Microsoft’s ambition to become carbon negative by 2030 has long positioned it as a leader in corporate climate action. With plans to reduce emissions across all Scopes and scale permanent removals, the technology giant helped set the bar for what bold corporate climate strategy could look like. But the past year has brought that leadership into question – and raised broader doubts about the credibility of net zero pathways based heavily on carbon removal.
In March 2024, Microsoft was one of 239 organizations delisted from the Science Based Targets initiative (SBTi), a significant blow to its climate credentials. Despite reaffirming a net zero commitment, just two months later the firm reported a 29.1% rise in total emissions, with Scope 3 emissions from their supply chain and product use increasing up to 30.9%. The rise in emissions triggered a wave of reputational criticism, especially from those tracking whether firms’ emissions trajectories actually align with their stated targets.
Yet, Microsoft has since continued to prove its dedication to its climate commitments. April 2025 has seen the organization make a flurry of announcements – from record-breaking permanent carbon removal purchases, to reforestation projects on former mine land, to sustainable aviation fuel deals – all aimed at addressing Scope 3 emissions and restoring climate credibility.
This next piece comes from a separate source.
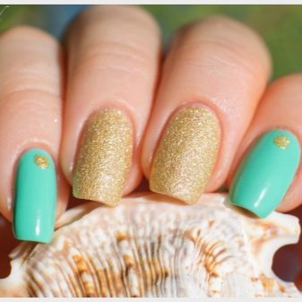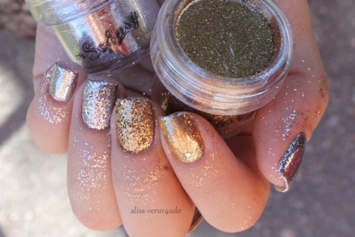 Nowadays, you can buy gel varnishes in which there are sparkles, including gold. The smaller their fraction, the thinner and smoother the layer will be, but you can experiment here ad infinitum. Also, a field for creating original images can be a mixture of different shades.

But here lies the tension: can an organization continue increasing its emissions while leaning on increasingly large carbon removal purchases to offset the difference? Microsoft is effectively asking the market to accept that rising emissions and rising offsets can coexist – a proposition that remains unproven. Ultimately, the question is whether this strategy is a genuine acceleration of climate action to meet the firm’s ambitious targets, or a sophisticated attempt to paper over rising climate risk with high-dollar removals.
Microsoft’s example can offer corporate sustainability leaders two key lessons. Firstly, Scope 3 emissions – which often represent the majority of a firm’s footprint – remain a formidable challenge, and addressing them requires action across both upstream and downstream categories (see Verdantix research on Scope 3 categories 1-4, 11, 12 and 15). Secondly, organizations need to build net zero strategies that don’t just look credible on paper but reflect real-world emissions reductions.
The jury is still out on whether Microsoft’s approach meets that bar – or if instead it is stretching the limit on what it means to reach net zero.